For a complete description of the available parameters see
?mlr3torch::LearnerTorchMLP
.
mlp = lrn("regr.mlp",
# architecture parameters
neurons = c(50, 50),
# training arguments
batch_size = 32, epochs = 30, device = "cpu"
)
#> Warning in warn_deprecated("Learner$initialize argument 'data_formats'"):
#> Learner$initialize argument 'data_formats' is deprecated and will be removed in
#> the future.
mlp
#> <LearnerTorchMLP[regr]:regr.mlp>: My Little Powny
#> * Model: -
#> * Parameters: epochs=30, device=cpu, num_threads=1, seed=random,
#> eval_freq=1, measures_train=<list>, measures_valid=<list>,
#> patience=0, min_delta=0, batch_size=32, neurons=50,50, p=0.5,
#> activation=<nn_relu>, activation_args=<list>
#> * Validate: NULL
#> * Packages: mlr3, mlr3torch, torch
#> * Predict Types: [response]
#> * Feature Types: integer, numeric, lazy_tensor
#> * Properties: internal_tuning, marshal, validation
#> * Optimizer: adam
#> * Loss: mse
#> * Callbacks: -
We can use this learner for training and prediction just like any other regression learner. Below, we split the observations into a training and test set, train the learner on the training set and create predictions for the test set. Finally, we compute the mean squared error of the predictions.
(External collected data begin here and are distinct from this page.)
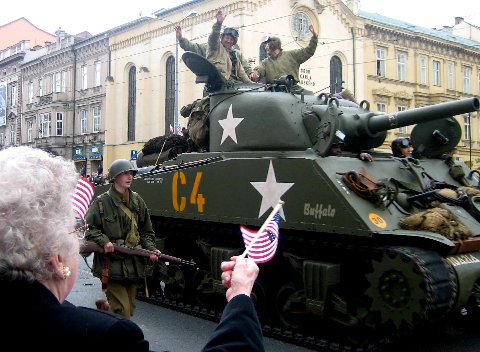 Those are guys from military clubs, they maintain military vehicles and haul it to Pilsen every year to be in that parade.
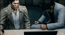 A man in a suit gets mad, slams his fist on a table, and then walks out, slamming the door behind him.
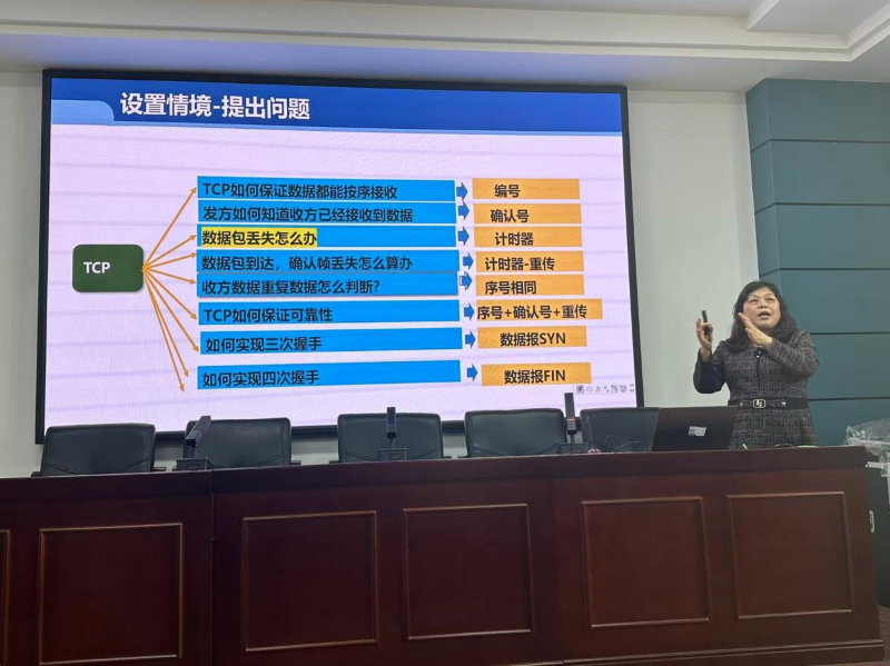 由省级一流课程负责人任相花副教授进行“计算机网络课程线上线下混合式教学的实践与思考”讲座。任老师以《计算机网络》课程线上线下混合式教学为例,提出以学生为中心,以信息技术为媒介,改进传统教学模式,介绍了混合教学模式在计算机网络课程应用时,线上教学资源建设、线下课堂教学、实验教学和课程思政设计、学习效果评价、线上线下互动与反馈等。任老师强调完善线上教学资源,丰富视频学习、随堂测试、在线讨论、章节测试等内容,学生可以根据自身学习能力及知识获取能力进行自主学习;在课堂教学中每次课都要设置适合的情境,以问题为驱动,将知识融入到情境中,随着问题的逐一破解,让学生主动地动脑、动口、动手,从本质上解决了学生学习动力不足的问题。
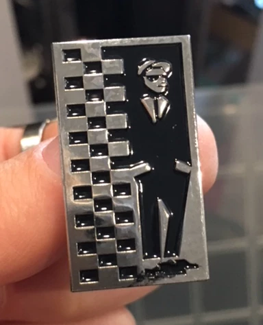 High quality lapel pin that features a Checkered Side with Rude Boy in a rectangular shape.
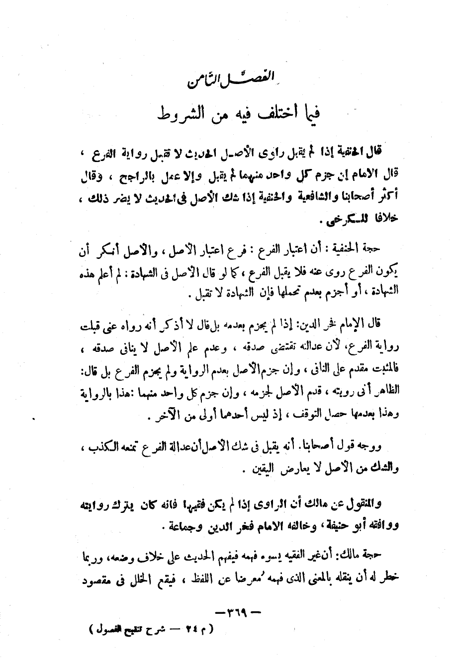 الفصل الثامن فيما اختلف فيه من الشروط
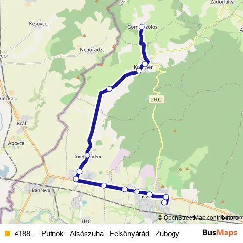 Bus 4188 - Putnok - Alsószuha - Felsőnyárád - Zubogy: Full Schedule in Putnok
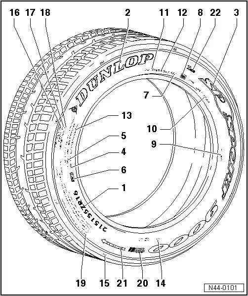 Note| Retreaded tyres also carry the marking „R“ or „Retreaded“ and the retreading date instead of the date of manufacture. |
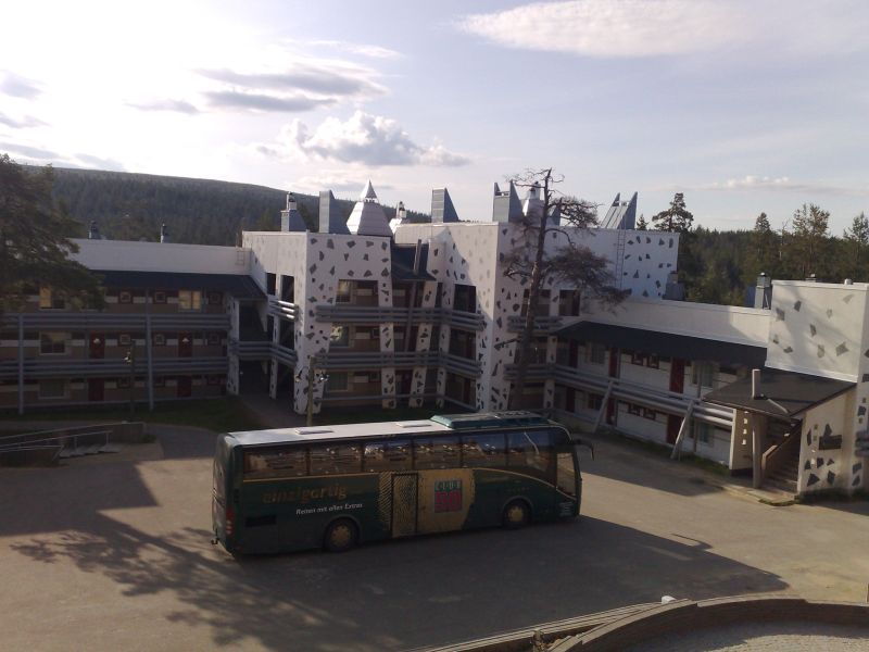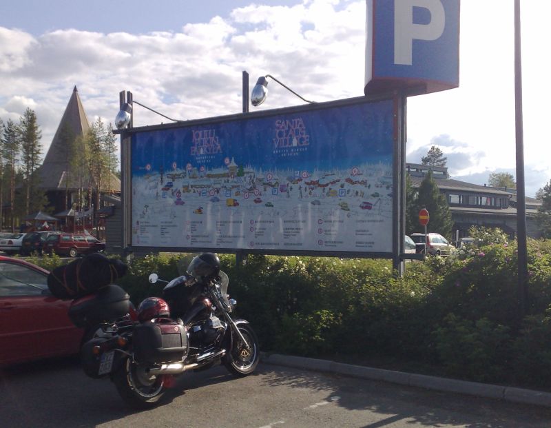Rovaniemellä täytyi tietysti joulupukin pajassa poiketa, siitä jatkettiin vielä Saariselälle, jossa yövyttiin kuvan hotellissa. Se olikin reissun tasokkain yöpyminen, Norjan puolella mentiin taas perinteiseen "kaukopartio" tyyliin omatoimisesti matalalla profiililla. Ensimmäinen ajo-etappi Loimaa - Saariselkä 1118 km

# Split the obersevations into training and test set
splits = partition(task)
# Train the learner on the train set
mlp$train(task, row_ids = splits$train)
# Predict the test set
prediction = mlp$predict(task, row_ids = splits$test)
# Compute the mse
prediction$score(msr("regr.mse"))
#> regr.mse
#> 283.838
Configuring a Learner
Although torch learners are quite like other mlr3
learners, there are some differences. One is that all
LearnerTorch
classes have construction arguments,
i.e. torch learners are more modular than other learners. While learners
are free to implement their own construction arguments, there are some
that are common to all torch learners, namely the loss
,
optimizer
and callbacks
. Each of these object
can have their own parameters that are included in the
LearnerTorch
’s parameter set.
In the previous example, we did not specify any of these explicitly
and used the default values, which was the Adam optimizer, MSE as the
loss and no callbacks. We will now show how to configure these three
aspects of a learner through the mlr3torch::TorchOptimizer
,
mlr3torch::TorchLoss
, and
mlr3torch::TorchCallback
classes.
Loss
The loss function, also known as the objective function or cost
function, measures the discrepancy between the predicted output and the
true output. It quantifies how well the model is performing during
training. The R package torch
, which underpins the
mlr3torch
framework, already provides a number of
predefined loss functions such as the Mean Squared Error
(nn_mse_loss
), the Mean Absolute Error
(nn_l1_loss
), or the cross entropy loss
(nn_cross_entropy_loss
). In mlr3torch
, we
represent loss functions using the mlr3torch::TorchLoss
class. It provides a thin wrapper around the torch loss functions and
annotates them with meta information, most importantly a
paradox::ParamSet
that allows to configure the loss
function. Such an object can be constructed using
t_loss(<key>)
. Below, we construct the L1 loss
function, which is also known as Mean Absolute Error (MAE). The printed
output below informs us about the wrapped loss function
(nn_l1_loss
), the configured parameters, the packages it
depends on and for which task types it can be used.
l1 = t_loss("l1")
l1
#> <TorchLoss:l1> Absolute Error
#> * Generator: nn_l1_loss
#> * Parameters: list()
#> * Packages: torch,mlr3torch
#> * Task Types: regr
Its ParamSet
contains only one parameter, namely
reduction
, which specifies how the loss is reduced over the
batch.
# the paradox::ParamSet of the loss
l1$param_set
#> <ParamSet(1)>
#> id class lower upper nlevels default value
#> <char> <char> <num> <num> <num> <list> <list>
#> 1: reduction ParamFct NA NA 2 mean [NULL]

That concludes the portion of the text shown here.